Gone are the days of small, boxy rooms with immovable walls and a lack of open-plan living. “The expectation of modern apartments is a suitable blend of communal and private spaces, with an open kitchen/living providing ample space and natural light,” says Kirsten. “To maintain a sense of size and space in a smaller dwelling, it’s crucial to acknowledge you are ‘downsizing’, meaning you cannot cram the contents of a 5-bedroom house into a 2-bedroom apartment!” A practical review of your needs is key and transitional furniture, such as extendable dining tables, sofa beds and nested side tables can offer the flexibility to accommodate guests when entertaining. “It sounds obvious, but sit down with the agent or developer, look at the plans and consider exactly how you will use and maximise each space,” says Kirsten.

Look at possibilities for using spaces for more than one purpose. “With a greater number of people choosing to work from home, making space for a study desk in the bedroom or living room is also a consideration,” says Kirsten.

Take a walk around the neighbourhood for a view into apartment living.
(Credit: AURA by Aqualand)

5. Apartment storage: How to avoid excess clutter

If you are renovating or can plan your apartment layout before you move in, custom cabinetry is the most efficient use of space for storage.

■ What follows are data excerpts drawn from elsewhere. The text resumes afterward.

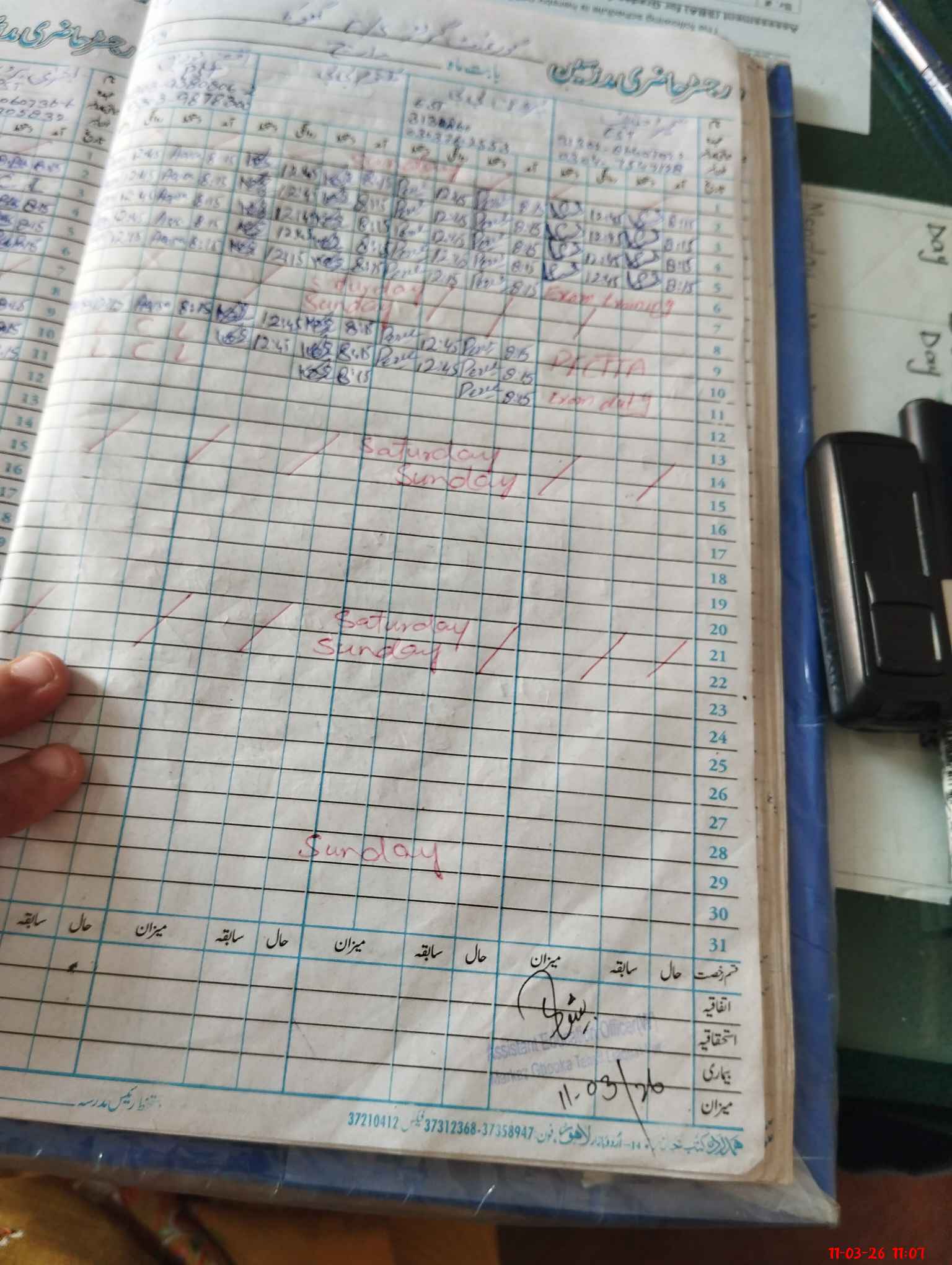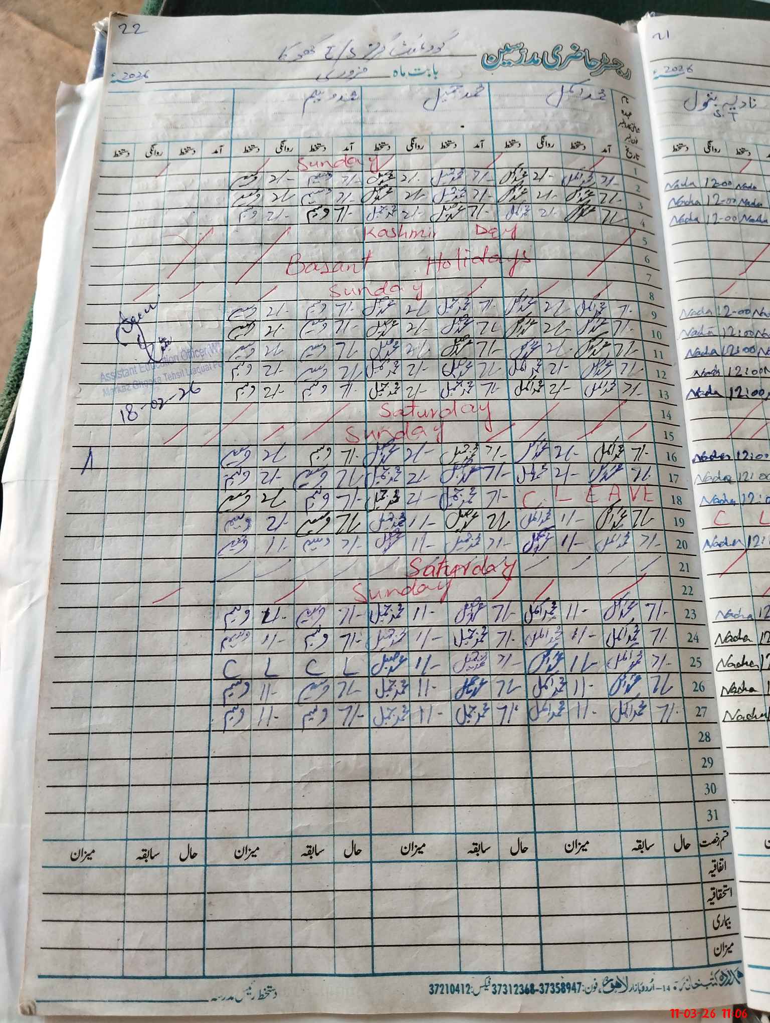| CNIC | Full Name | Designation | R/C | Absence During Last Calender Month |
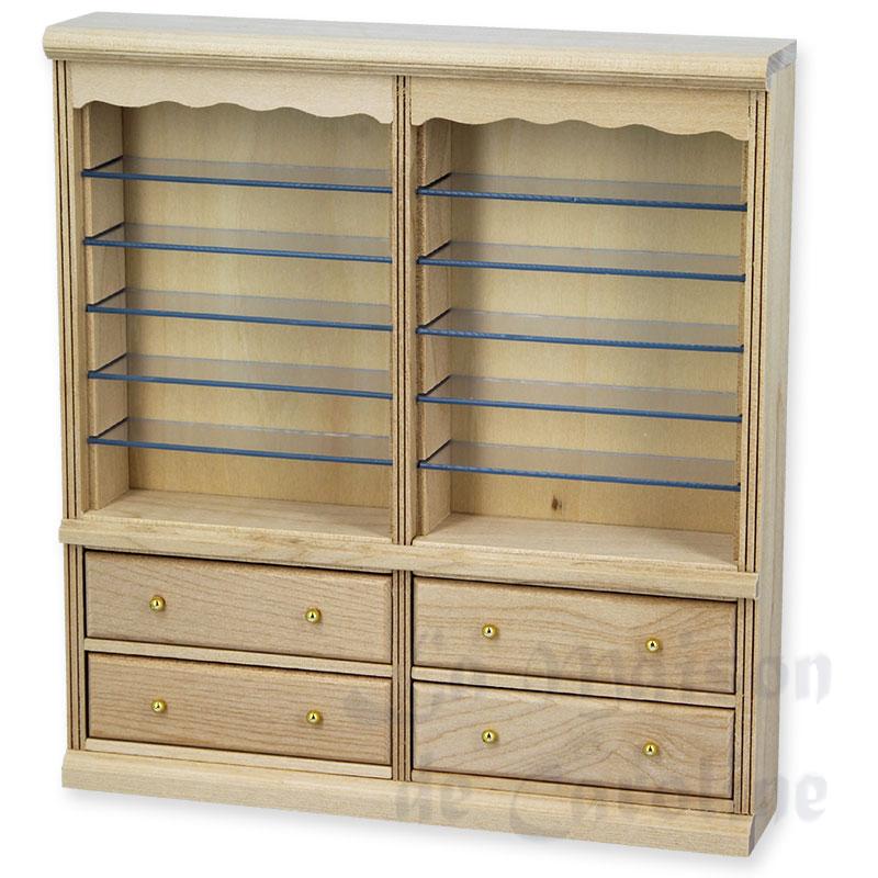 Bibliotheque tiroirs double non verni miniatures 1/12ème
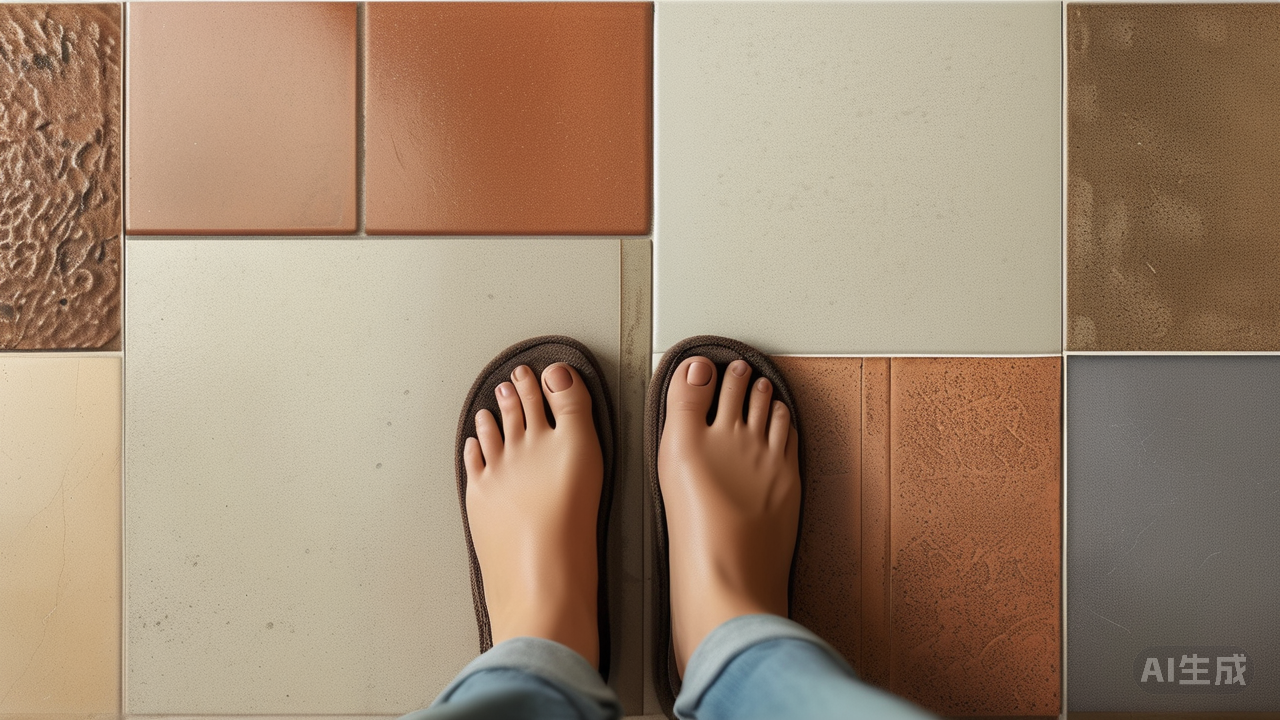 那么,如何通过这一方瓷砖的选择,真正提升生活的品质与触感? 首先,是学会用“脚”去选择,关注触感胜过视觉。在挑选瓷砖时,我们常被绚丽的图案所吸引,却忽略了它最本质的属性——脚感。光洁如镜的亮面瓷砖固然显得明亮,但在湿滑的卫浴间或需要静谧的卧室,一块带有细微凹凸质感、具备防滑功能的哑光砖或柔光砖,带来的是一份踏实的安全感。尤其在冬日,那瞬间接触的温润,远胜于亮面砖的冰冷刺骨。这种由触觉直接传递的舒适,是任何华丽图案都无法替代的质感之源。
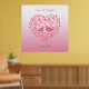 Des oiseaux roses mignons en amour dans une couronne de feuilles en forme de coeur sur arrière - plan à gradient rose et blanc
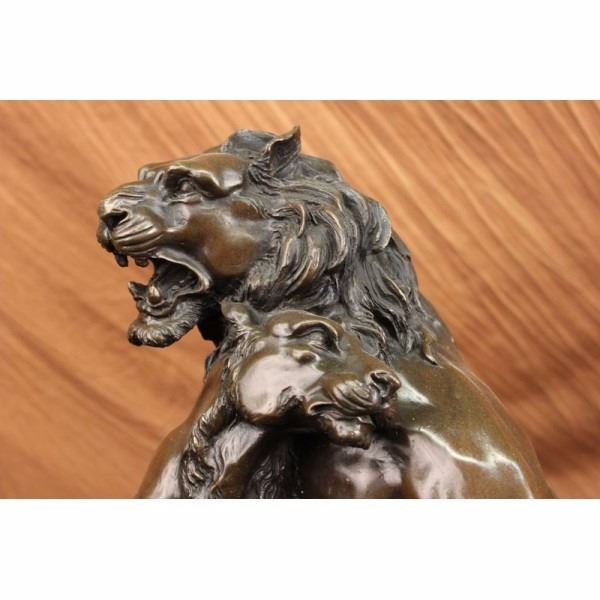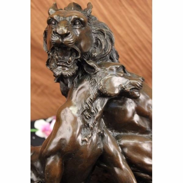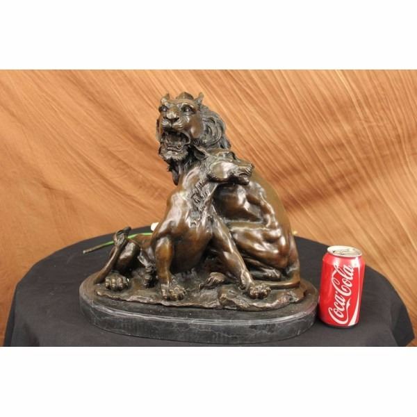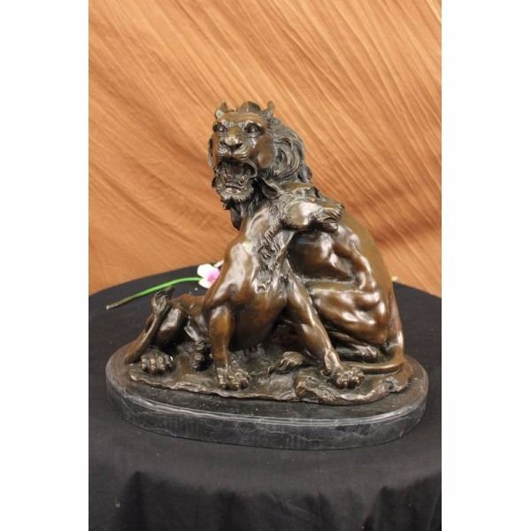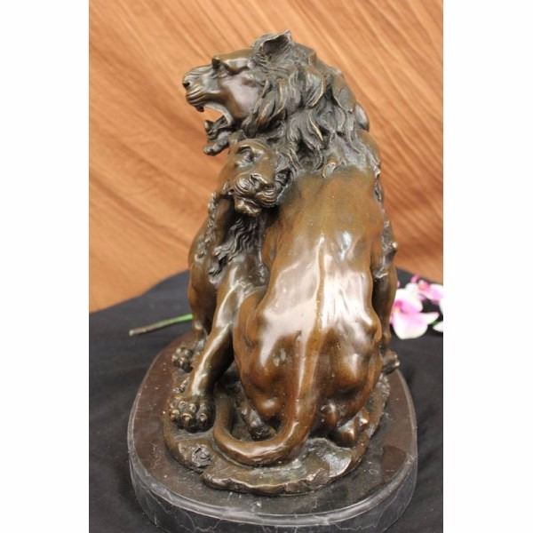 Wild and in love this King of the Jungle shares a bond with his son that nothing can come in between. They rub necks and show massive affection towards each other. They are united together trough love and strength it even looks as if they are molded into each other. You can see the young lion is growing his mane in. The two lions watch out for each other, living in the wild can be a dangerous place, thats why they stick together like a true family should. This bronze sculpture is perfect for Fathers day or just to show your appreciation to your family. This is a gorgeous bronze sculpture it is handmade and 100% bronze with a brown patina. The sculpture was casted using the Lost Wax Method and is mounted on a black marble base. Condition: This sculpture is in a very Good condition. Bronze Dimensions with Marble Base:Height 16" x Width 16" Marble Dimensions: Diameter 16" Height without base: 15" Weight : 45 LBS Inventory : 18Y56012881
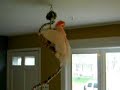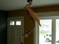 Description: Romeo the Moluccan cockatoo swinging on his boing after his shower |
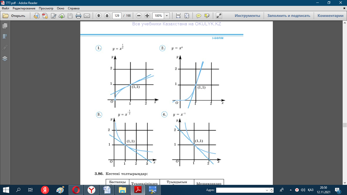 2-тапсырма Дәрежелік функциялардың (1;1) нүктесінде жүргізілген жанаманың бұрыштық коэффициентін анықтаңдар:
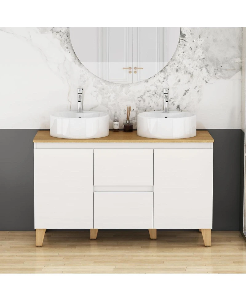 Transform your bathroom into a luxurious shared retreat with this expansive 47-inch double vanity. Featuring a solid wood top and sturdy feet, this modern centerpiece is both visually warm and structurally reliable. The two round ceramic basins sit gracefully above the wide, handle-free cabinet, creating an inviting blend of soft curves and sleek lines. Oversized soft-close drawers and double doors provide ample storage for towels, toiletries, and shared essentials, making busy mornings smooth and organized. A glossy cabinet finish brightens roomy spaces and is easy to wipe clean, keeping your vanity fresh every day. With step-by-step instructions and all necessary hardware included, installation is a breeze-perfect for both quick upgrades and complete renovations.
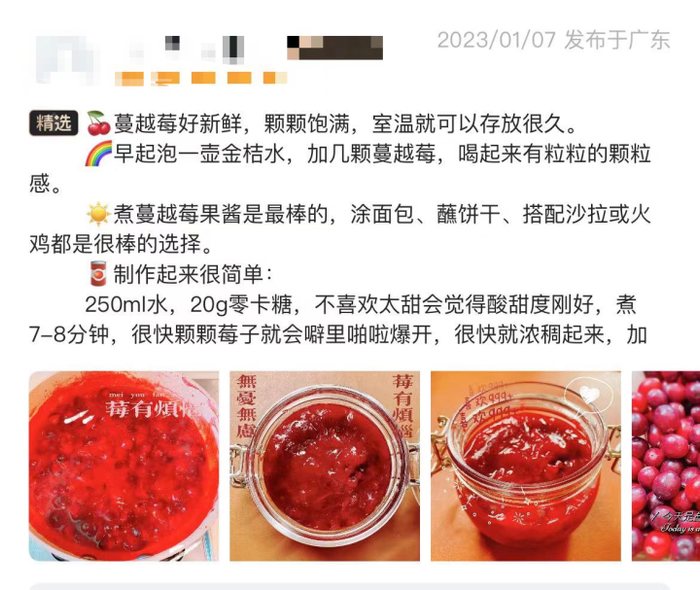 在商品评价区,有网友自制了蔓越莓果酱,用来配酸奶、抹吐司,口味相当友好。还有网友评价,鲜食有些许酸涩感,不爱吃酸的吃货表示有些吃不惯,建议首次购买小盒装尝鲜。除了鲜食,也可以尝试泡水、榨汁、调制鸡尾酒等食用方法。
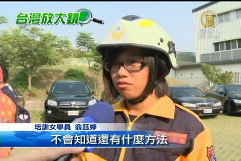 培訓女學員 翁鈺婷:「如果沒有來這邊訓練的話,不會知道還有什麼方法可以去救災這樣子。」
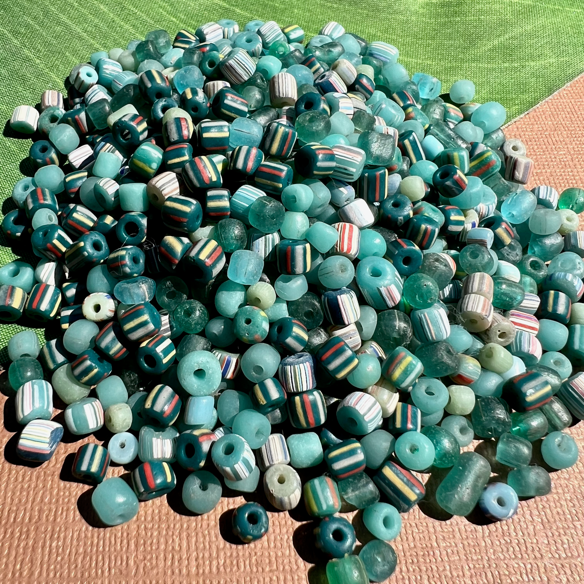 Indonesian glass beads are hand-made in Indonesia. They are often made with recycled glass and are thought to resemble old African trade beads.
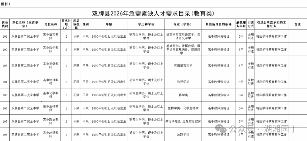 为深入实施新时代人才强县战略,集聚支撑和引领双牌高质量发展的各类人才,经县委、县政府研究同意,2026年面向社会公开引进一批教育、医卫等急需紧缺人才。现将有关事项公告如下:

A built-in study nook alongside a fireplace or kitchen island can be ideal. The same goes for a built-in laundry. Take stock of what you currently have and what works well and collect ideas from other homes, showrooms and even restaurants for apartment storage ideas. 

Design tip: “Book an appointment with a window furnishing supplier so that you have any blinds and curtains installed as quickly as possible.”

Kirsten Stanisich, Architect and founder of Richards Stanisich

6. Apartment lifestyle: Embrace the difference

With less time spent cleaning and maintaining your home, the apartment lifestyle brings exciting opportunities to enjoy the spaces around you, so do your research on the neighbourhood and visit parks and nearby cafes, local libraries and restaurants for a glimpse into your new life.

“Look for an apartment with great communal amenities like cafes, restaurants or a communal pool,” says Kirsten. “This will help you meet your neighbours and form new connections that make you feel like you’re back at home.”